• WHAT IS BEING ASKED: Only the lines from the first line of the data through the line containing "- Wang, X.;" belong in the answer, transcribed exactly; pictures do not.

[Records contained in a dataset]

--------------------

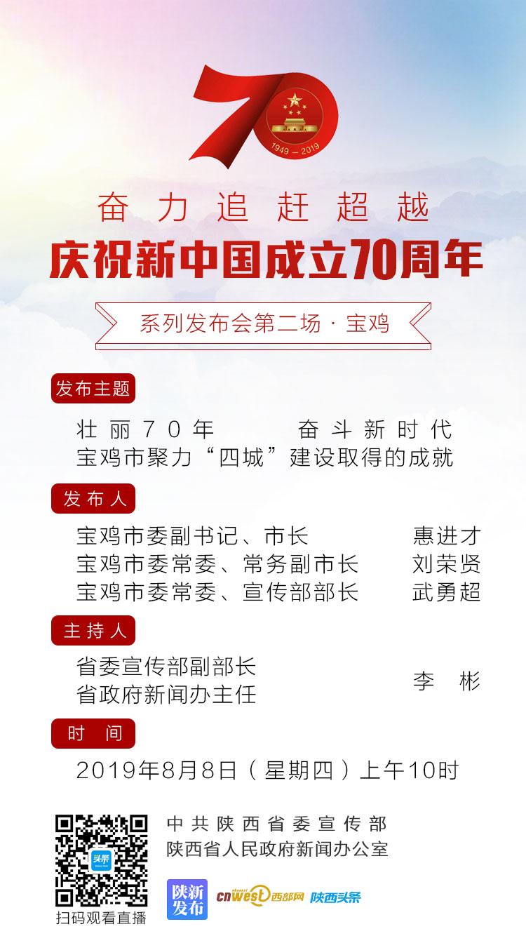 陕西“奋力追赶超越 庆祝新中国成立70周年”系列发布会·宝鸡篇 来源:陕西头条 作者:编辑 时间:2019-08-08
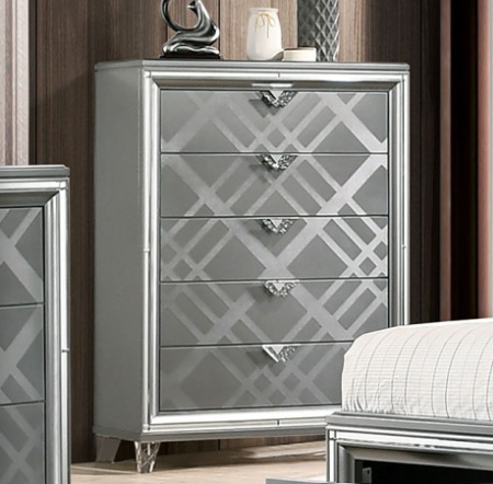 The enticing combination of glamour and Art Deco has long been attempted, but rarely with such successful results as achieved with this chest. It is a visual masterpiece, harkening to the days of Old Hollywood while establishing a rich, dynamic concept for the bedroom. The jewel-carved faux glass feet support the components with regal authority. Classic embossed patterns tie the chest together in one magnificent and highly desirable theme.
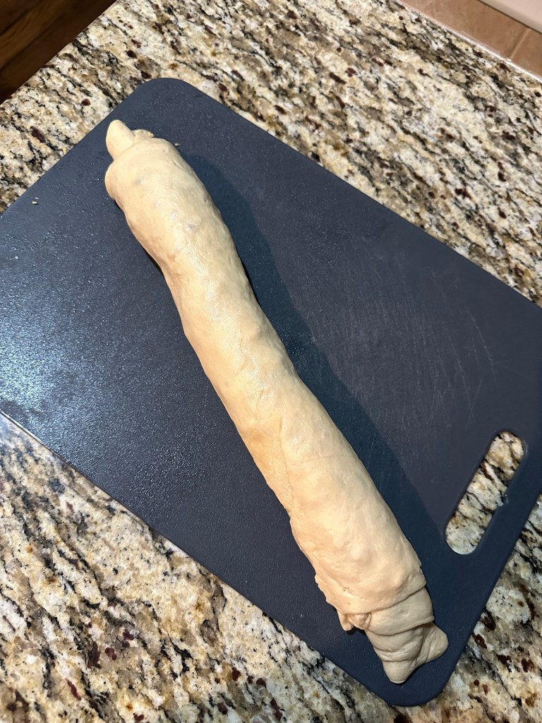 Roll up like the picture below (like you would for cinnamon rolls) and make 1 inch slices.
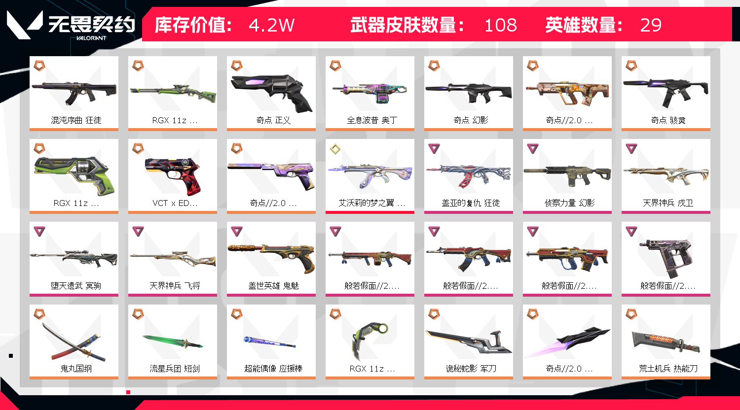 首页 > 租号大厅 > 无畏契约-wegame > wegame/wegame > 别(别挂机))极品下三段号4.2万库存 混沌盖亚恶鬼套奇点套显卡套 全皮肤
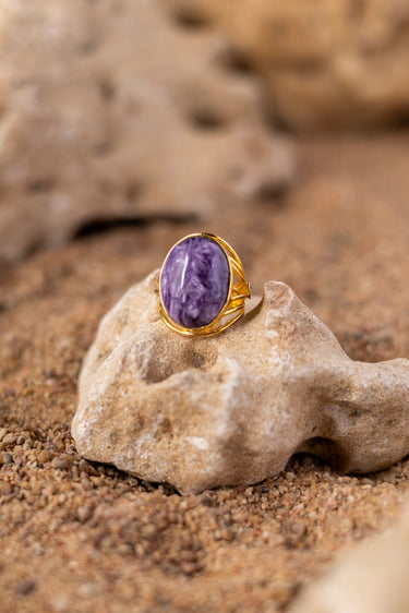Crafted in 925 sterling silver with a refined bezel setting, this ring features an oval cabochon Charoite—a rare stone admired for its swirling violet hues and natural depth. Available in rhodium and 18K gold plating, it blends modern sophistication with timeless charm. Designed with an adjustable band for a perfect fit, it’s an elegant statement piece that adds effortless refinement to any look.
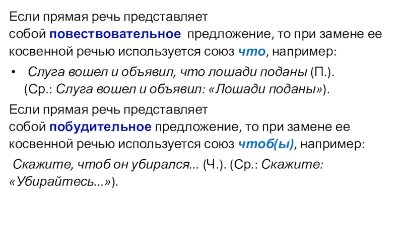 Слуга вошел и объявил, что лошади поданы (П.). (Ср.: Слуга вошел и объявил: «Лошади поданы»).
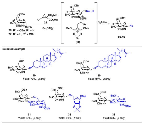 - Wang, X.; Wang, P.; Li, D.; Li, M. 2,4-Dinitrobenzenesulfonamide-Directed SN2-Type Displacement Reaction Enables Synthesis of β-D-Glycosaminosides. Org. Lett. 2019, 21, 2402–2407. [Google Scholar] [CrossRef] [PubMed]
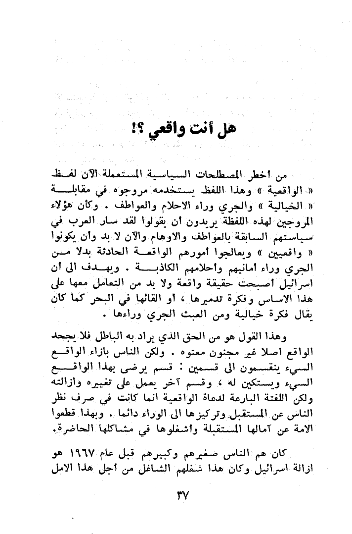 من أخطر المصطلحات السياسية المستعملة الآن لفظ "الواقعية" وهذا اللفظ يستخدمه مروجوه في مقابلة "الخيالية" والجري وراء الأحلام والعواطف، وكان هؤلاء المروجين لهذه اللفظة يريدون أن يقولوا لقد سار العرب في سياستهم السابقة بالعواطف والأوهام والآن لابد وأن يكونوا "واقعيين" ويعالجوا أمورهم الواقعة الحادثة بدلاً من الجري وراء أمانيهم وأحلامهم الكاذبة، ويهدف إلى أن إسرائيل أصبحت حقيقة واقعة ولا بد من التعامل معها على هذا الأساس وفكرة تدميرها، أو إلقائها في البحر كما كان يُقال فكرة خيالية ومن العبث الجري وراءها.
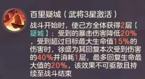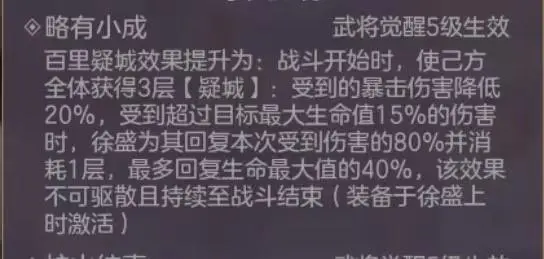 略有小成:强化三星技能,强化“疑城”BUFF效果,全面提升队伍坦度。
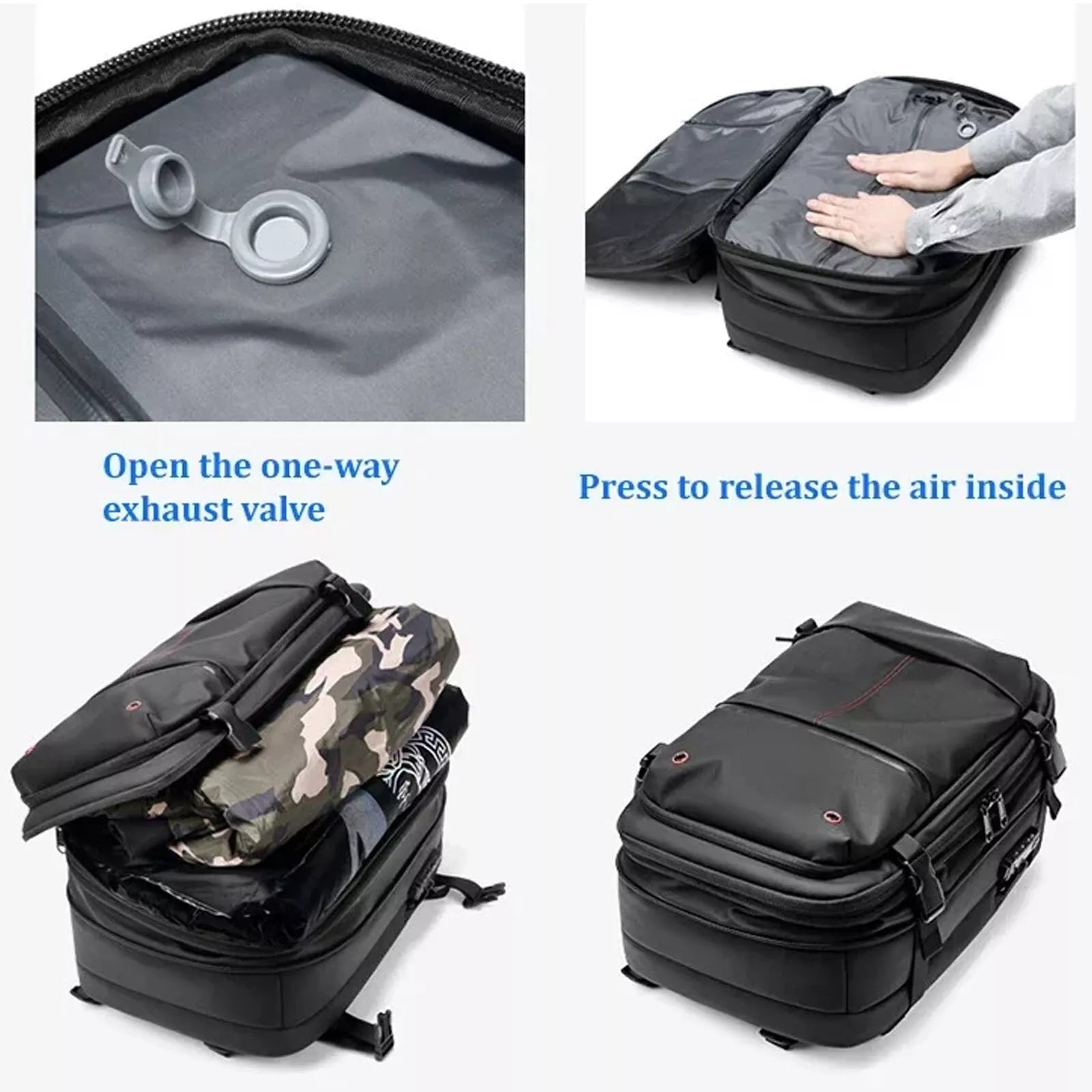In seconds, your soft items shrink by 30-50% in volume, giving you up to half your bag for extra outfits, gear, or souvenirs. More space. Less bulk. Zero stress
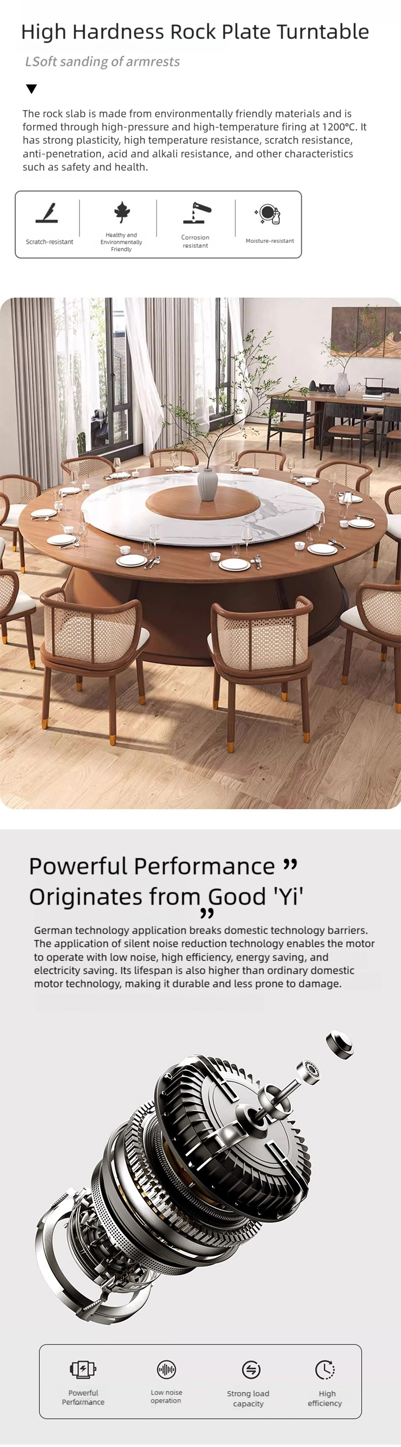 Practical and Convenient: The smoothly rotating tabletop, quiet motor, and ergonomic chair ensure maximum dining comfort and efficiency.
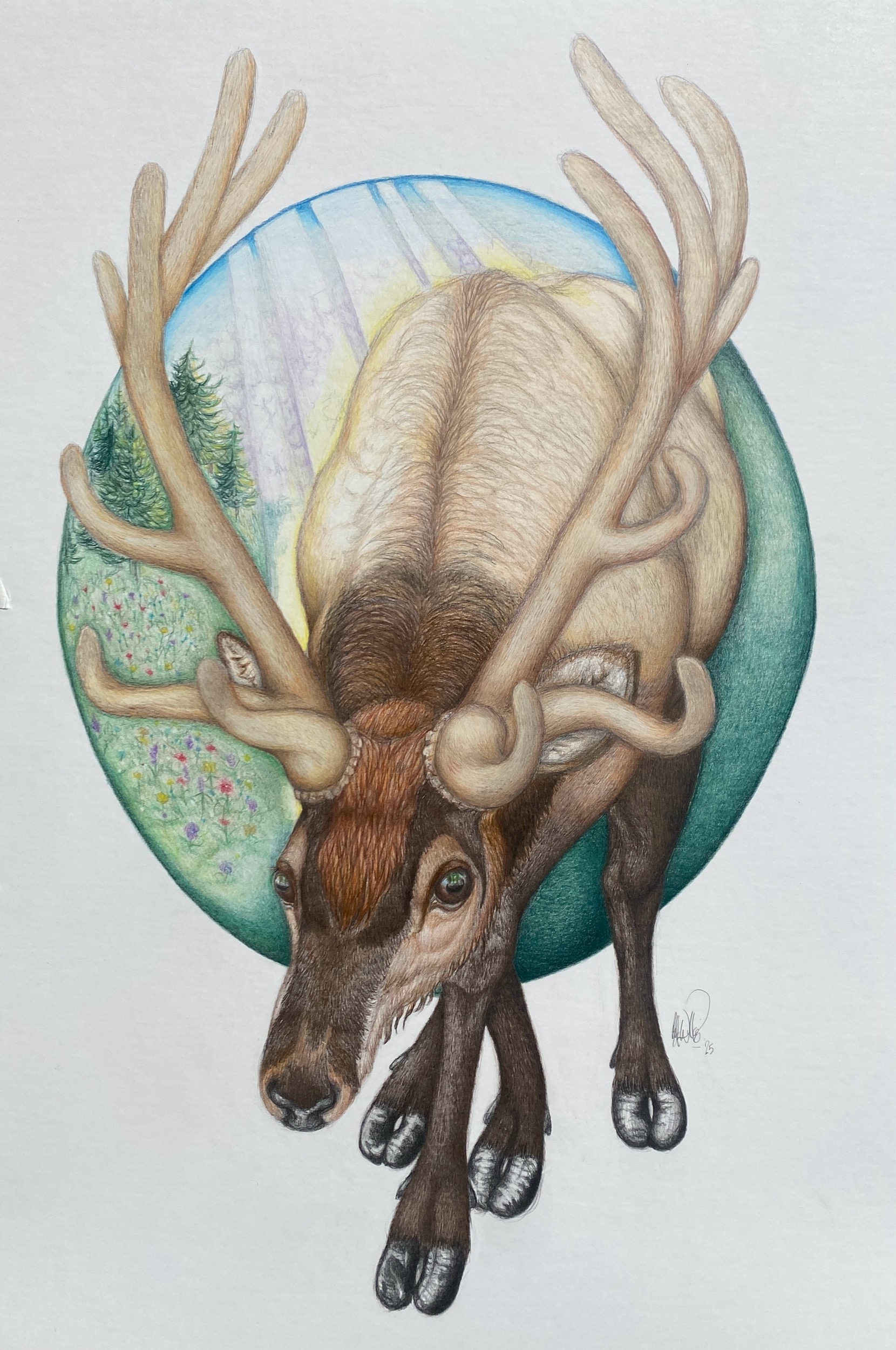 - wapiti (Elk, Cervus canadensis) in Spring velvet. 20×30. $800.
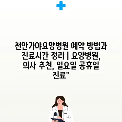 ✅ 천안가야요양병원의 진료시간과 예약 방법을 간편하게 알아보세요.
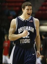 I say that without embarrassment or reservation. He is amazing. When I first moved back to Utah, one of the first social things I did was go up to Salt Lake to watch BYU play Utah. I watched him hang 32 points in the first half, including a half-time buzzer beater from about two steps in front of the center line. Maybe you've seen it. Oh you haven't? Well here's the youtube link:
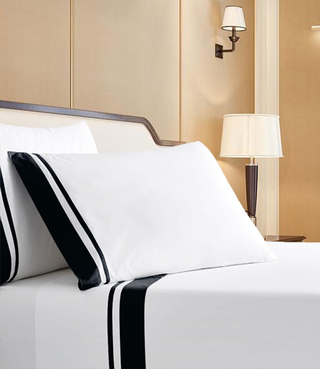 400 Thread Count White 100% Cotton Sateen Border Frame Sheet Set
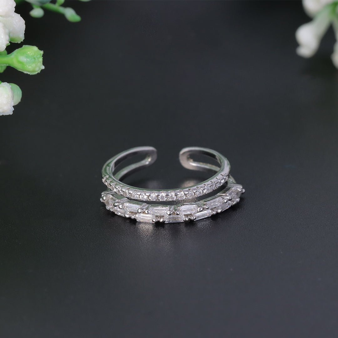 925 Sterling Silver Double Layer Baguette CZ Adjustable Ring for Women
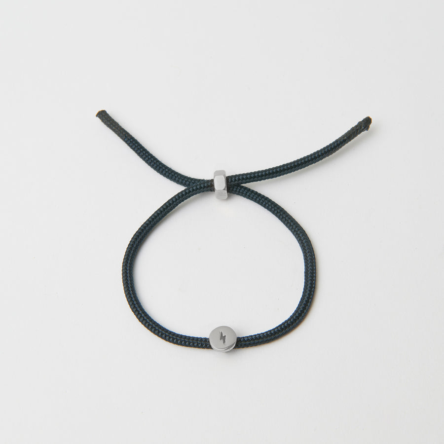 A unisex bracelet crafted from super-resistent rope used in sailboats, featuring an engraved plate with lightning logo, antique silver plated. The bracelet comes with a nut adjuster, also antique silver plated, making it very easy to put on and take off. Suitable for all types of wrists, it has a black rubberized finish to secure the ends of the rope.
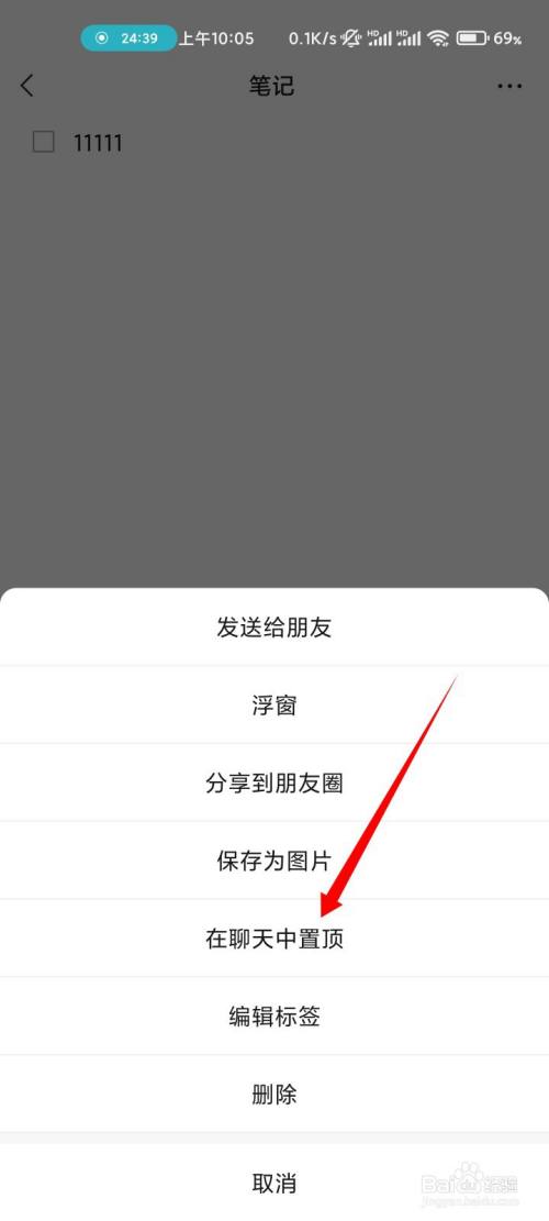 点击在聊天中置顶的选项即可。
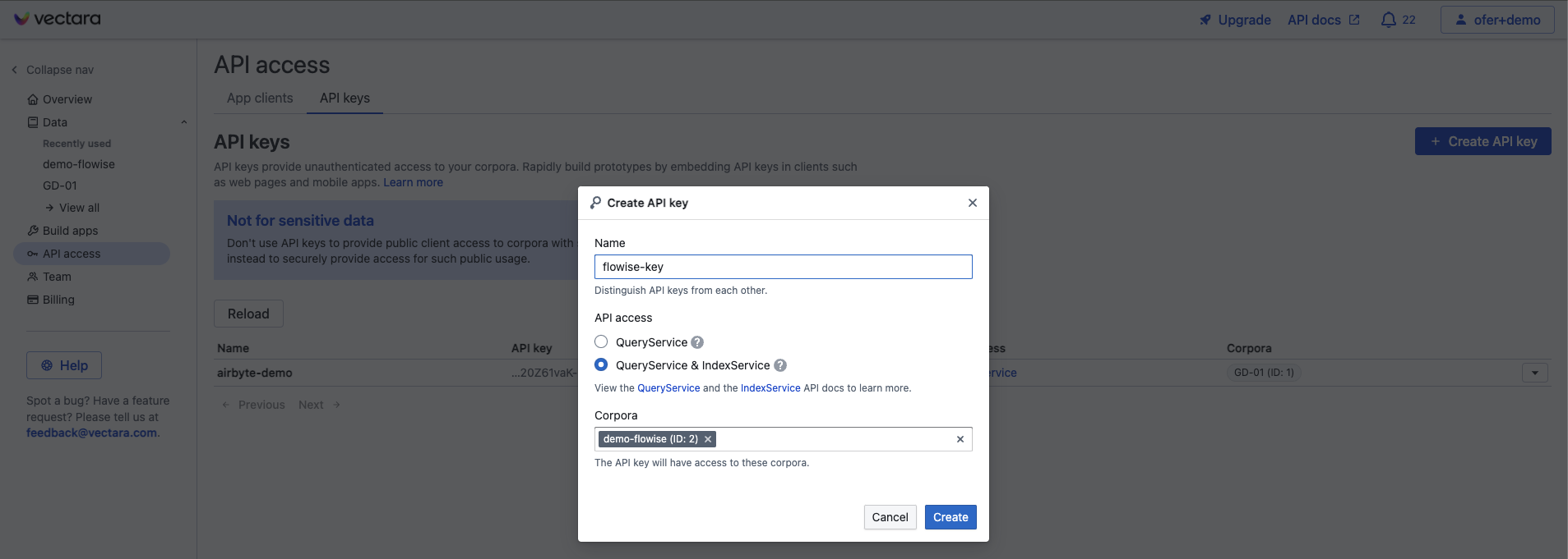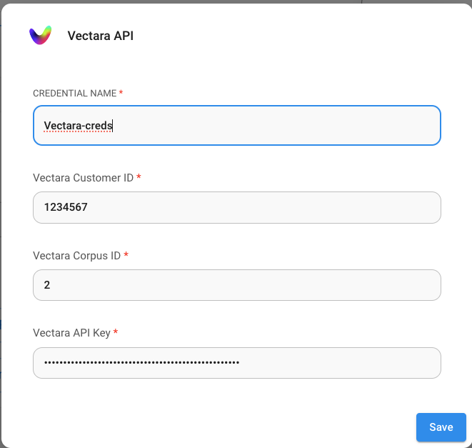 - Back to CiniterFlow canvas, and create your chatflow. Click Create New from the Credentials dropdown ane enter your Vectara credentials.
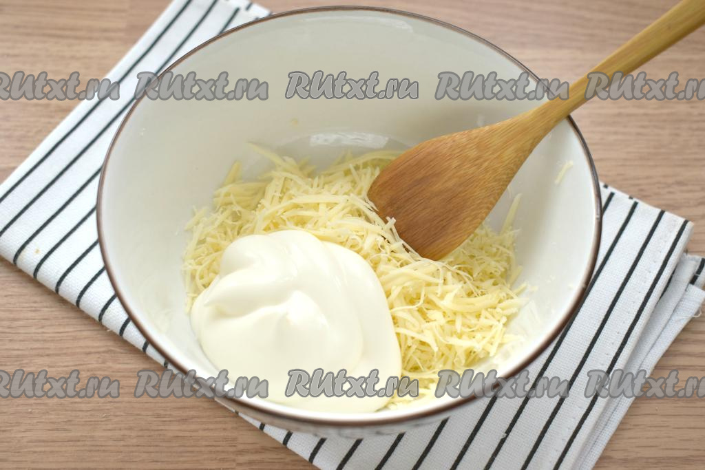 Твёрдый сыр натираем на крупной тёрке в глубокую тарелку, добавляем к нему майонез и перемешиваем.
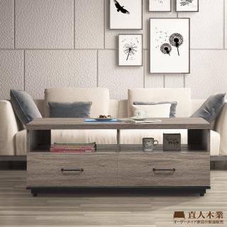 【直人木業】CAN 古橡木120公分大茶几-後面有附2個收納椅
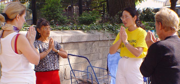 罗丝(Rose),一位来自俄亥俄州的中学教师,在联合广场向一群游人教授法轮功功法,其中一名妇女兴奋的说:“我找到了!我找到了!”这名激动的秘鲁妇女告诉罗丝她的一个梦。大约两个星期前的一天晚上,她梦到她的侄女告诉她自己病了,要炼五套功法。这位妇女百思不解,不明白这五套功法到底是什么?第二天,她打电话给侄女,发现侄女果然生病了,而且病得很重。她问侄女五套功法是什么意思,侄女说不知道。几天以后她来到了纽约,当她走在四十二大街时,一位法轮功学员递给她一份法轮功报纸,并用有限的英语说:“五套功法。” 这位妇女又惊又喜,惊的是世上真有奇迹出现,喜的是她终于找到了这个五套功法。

--------------------

• TASK SOLUTION:
 陕西“奋力追赶超越 庆祝新中国成立70周年”系列发布会·宝鸡篇 来源:陕西头条 作者:编辑 时间:2019-08-08
 The enticing combination of glamour and Art Deco has long been attempted, but rarely with such successful results as achieved with this chest. It is a visual masterpiece, harkening to the days of Old Hollywood while establishing a rich, dynamic concept for the bedroom. The jewel-carved faux glass feet support the components with regal authority. Classic embossed patterns tie the chest together in one magnificent and highly desirable theme.
 Roll up like the picture below (like you would for cinnamon rolls) and make 1 inch slices.
 首页 > 租号大厅 > 无畏契约-wegame > wegame/wegame > 别(别挂机))极品下三段号4.2万库存 混沌盖亚恶鬼套奇点套显卡套 全皮肤
Crafted in 925 sterling silver with a refined bezel setting, this ring features an oval cabochon Charoite—a rare stone admired for its swirling violet hues and natural depth. Available in rhodium and 18K gold plating, it blends modern sophistication with timeless charm. Designed with an adjustable band for a perfect fit, it’s an elegant statement piece that adds effortless refinement to any look.
 Слуга вошел и объявил, что лошади поданы (П.). (Ср.: Слуга вошел и объявил: «Лошади поданы»).
 - Wang, X.; Wang, P.; Li, D.; Li, M. 2,4-Dinitrobenzenesulfonamide-Directed SN2-Type Displacement Reaction Enables Synthesis of β-D-Glycosaminosides. Org. Lett. 2019, 21, 2402–2407. [Google Scholar] [CrossRef] [PubMed]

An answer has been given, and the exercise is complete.